Mechanical ond opto-chemical dating of the Turin Shroud | MATEC Web of Conferences
The actual dates they get for the four methods are respectively, 250BC ± 200 years, 30AD ± 250 years, 140BC ± 156 years, and 260AD ± 137 years. I would note that only one of these CIs overlaps 30AD. Three of the CIs do overlap, but only over the period 50BC-16AD.
I’m fairly sure how they got from this to 90AD ± 200 years has nothing to do with anything in any Statistics textbook.
I know I’ve posted this article several times already, but the discussion of how Fanti derived his calibration curve makes for entertaining reading.
Thanks for that.
… in particular due to the selection of materials and the statistical manipulation that was necessary for the ‘correct’ conclusion to be drawn.
Two 95% confidence intervals that don’t overlap gives a 90% confidence that at least one is bogus.
There is very likely something wrong in your reasoning for Rogers detected no vanillin in very old samples from the dead see scrolls whereas the holland cloth (produced in Europe between 1532 and 1534) and other medieval linens gave the test for vanillin. So no, « Shroud enthusiasts » aren’t getting their arguments backwards.
Hi Tim
The main advantages are the tests are non destructive ie the sample can be re tested and several points on the shroud can be tested. If the Carbon 14 test was non destructive we might not be debating this. Getting data from several points on the shrouds and repeating tests is informative.
Which would be an important advantage if the tests provided any useful information whatsoever. Therefore, the fact that literally no one other than Shroudie Crackpots have used these tests is only further evidence that they are useless.

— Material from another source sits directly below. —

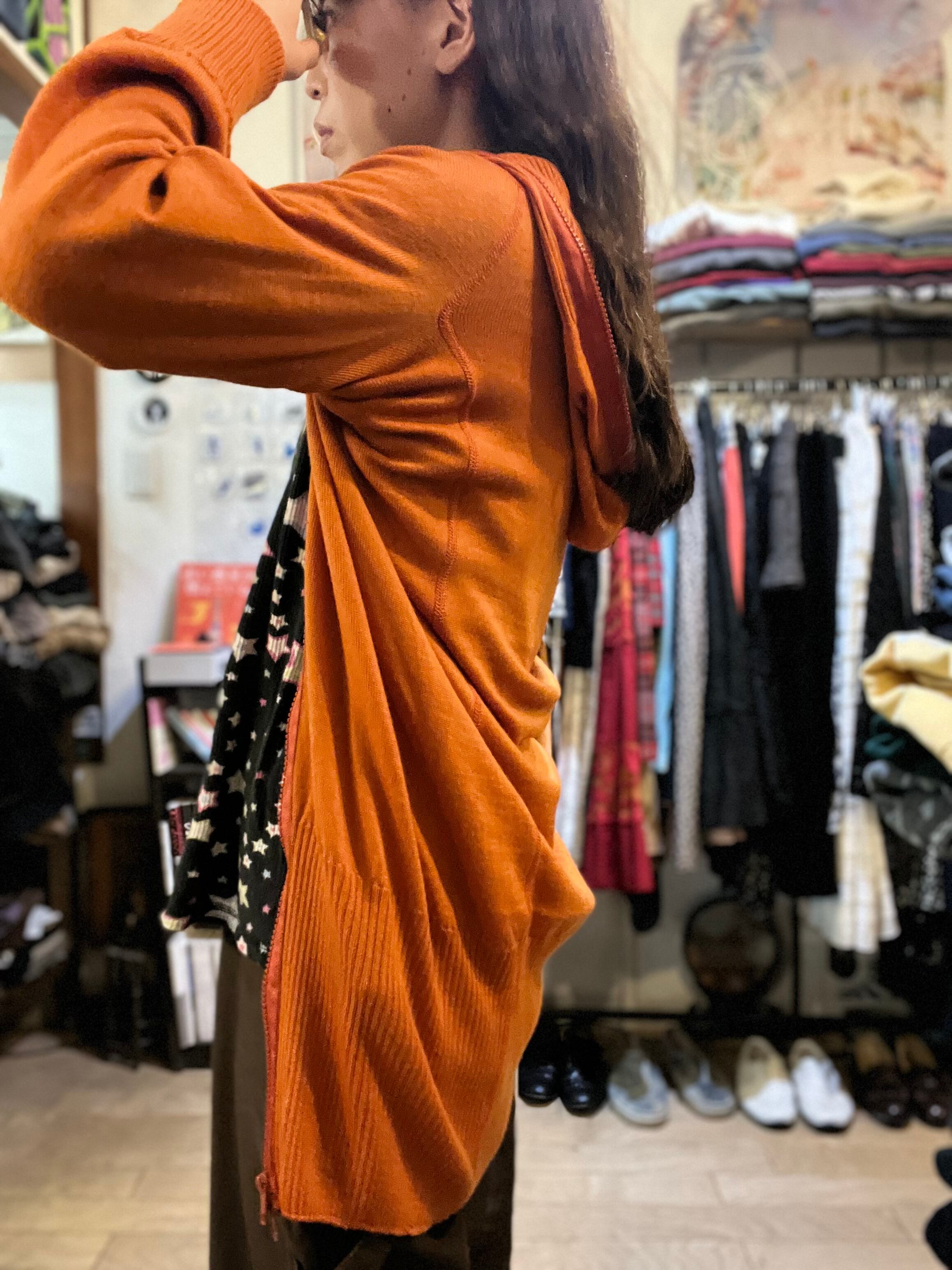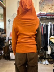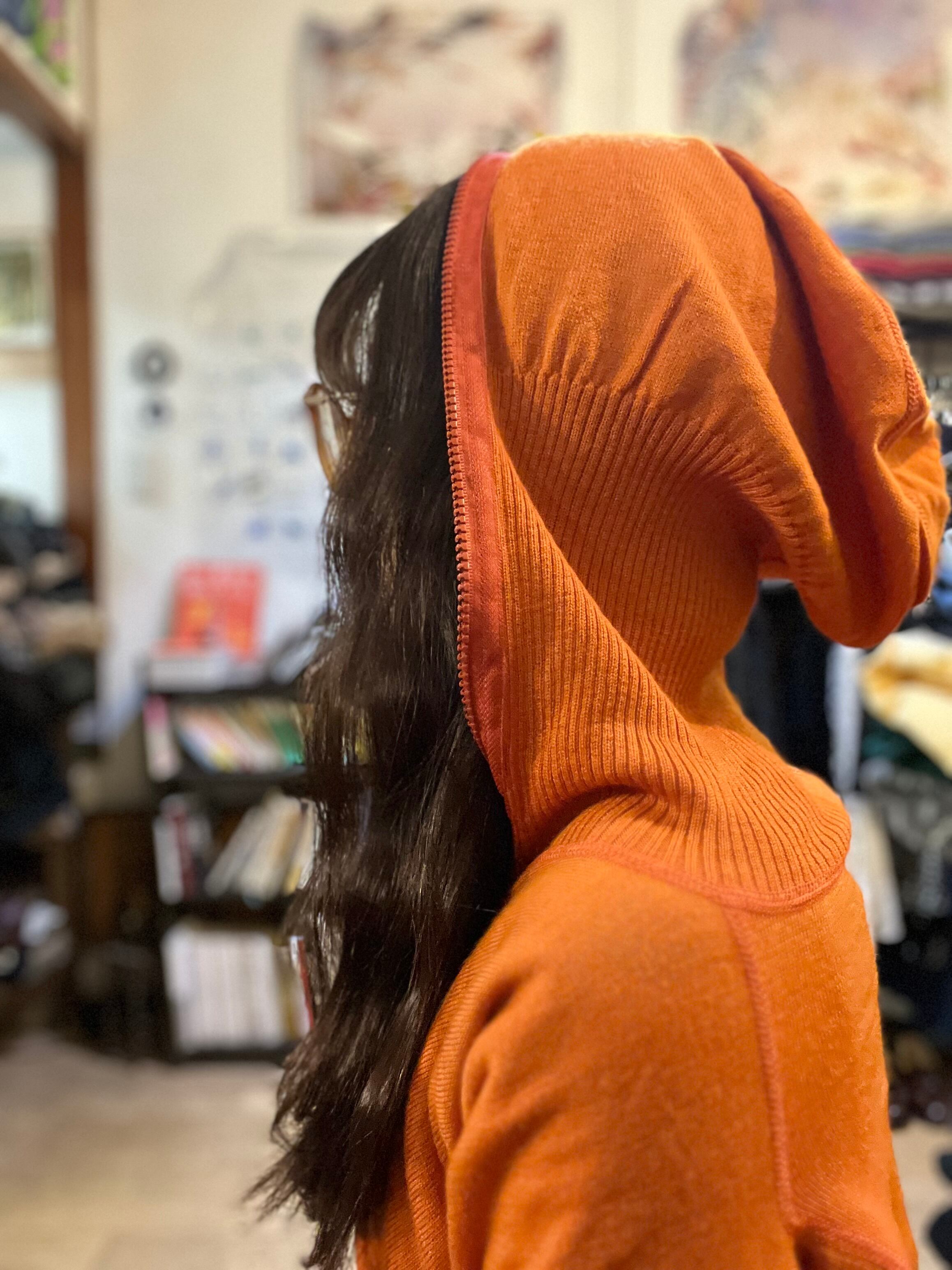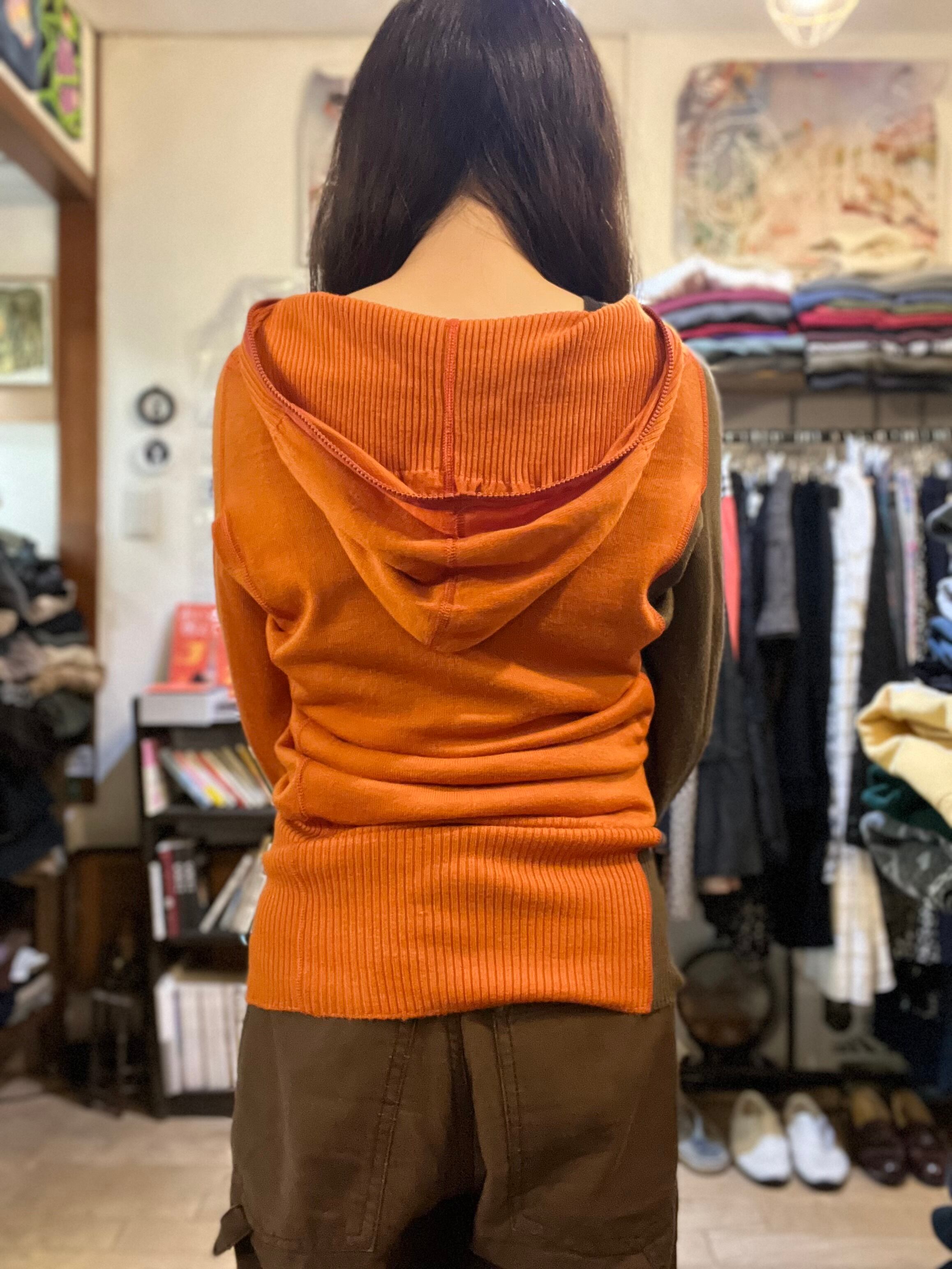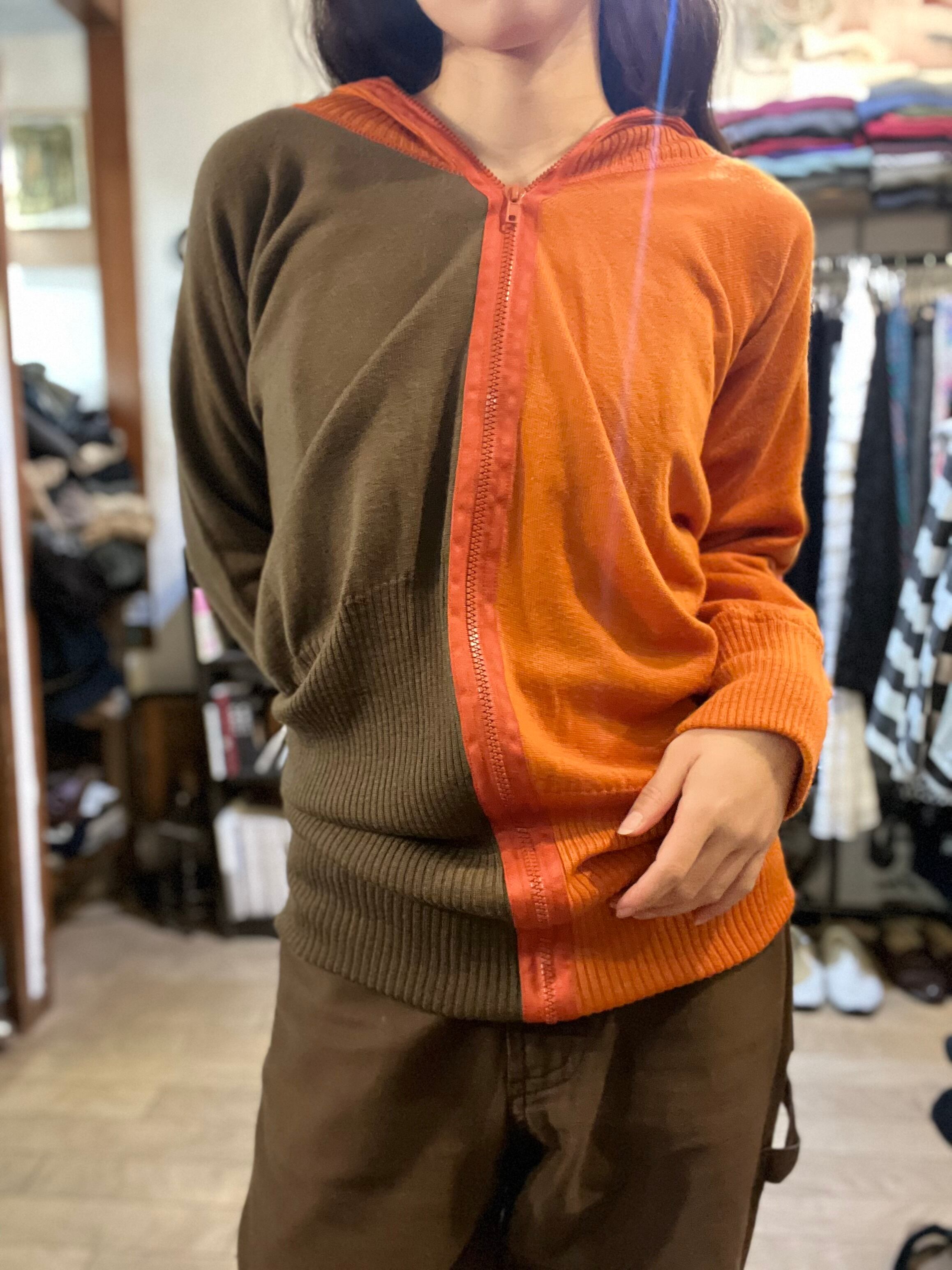 オレンジとブラウン、二つの色が静かに主張し合うニットフーディー。

I doubt it. The Vatican could keep snipping pieces off the Shroud and C-14 testing them until there wasn’t enough left to cover Jesus’s foreskin. The Shroudies would still insist the testing was flawed for some imaginary reason or another.
Hi Puck
The conclusion from the evidence collect by the STURP team was that the shroud was not a painting. In addition the image contained things like blood marks of the head and marks on the body that were consistent with the Gospel accounts. The carbon 14 test came after this investigation.